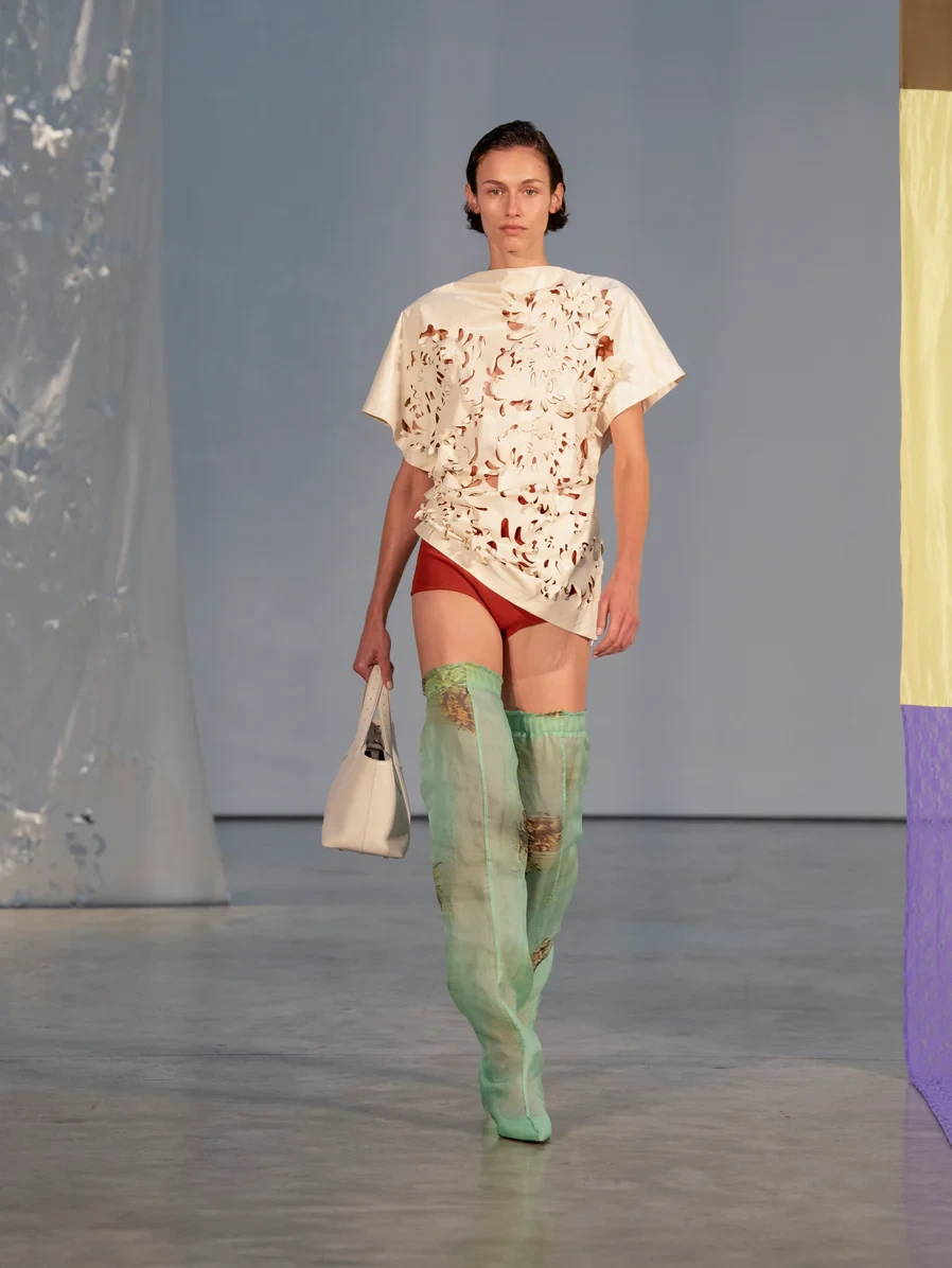 The Matriarch звучала как ода «альфа-женщине» — той, что умеет быть сильной и харизматичной, не теряя уязвимости. Именно эта многослойность женской натуры, по словам дизайнера, стала отправной точкой коллекции. На подиуме один за другим выходили приталенные жакеты с разрезами под грудью и по линии бедер, отсылающими к бумажным скульптурам тайского художника Ву Дан Тана, за ними — ультракороткие юбки, рубашки с чашеобразными лифами и шубы из искусственного меха. А завершали историю платья-комбинации с тонкой кружевной отделкой, созданные с использованием передовых технологий вязки, и невесомые пончо из органзы.
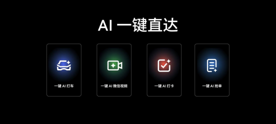 通過(guò)多功能 AI 按鍵,可快速實(shí)現(xiàn)包括一鍵搜索、一鍵打車(chē)、一鍵打卡、一鍵微信視頻以及自定義使用場(chǎng)景在內(nèi)的多種實(shí)用好用 AI 功能,只需一鍵,即刻開(kāi)啟智慧 AI 新生活。
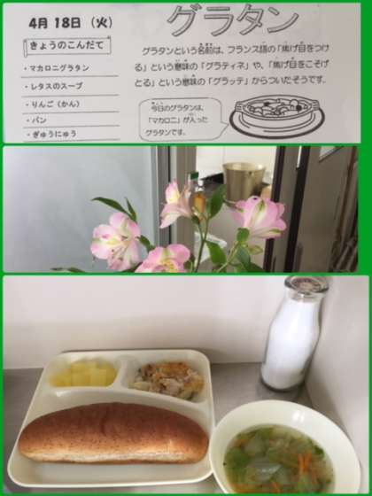 4年生のクラスの前にはきれいな花が飾ってありました。

═══

_EXERCISE OBJECTIVE_: Could you transcribe exactly the lines from the one with "功能,只需一鍵,即刻開(kāi)啟智慧 AI 新生活。" through the end of the data, both ends included, and nothing else, skipping the pictures?

_RESULT OF THE TASK_:
 通過(guò)多功能 AI 按鍵,可快速實(shí)現(xiàn)包括一鍵搜索、一鍵打車(chē)、一鍵打卡、一鍵微信視頻以及自定義使用場(chǎng)景在內(nèi)的多種實(shí)用好用 AI 功能,只需一鍵,即刻開(kāi)啟智慧 AI 新生活。
 4年生のクラスの前にはきれいな花が飾ってありました。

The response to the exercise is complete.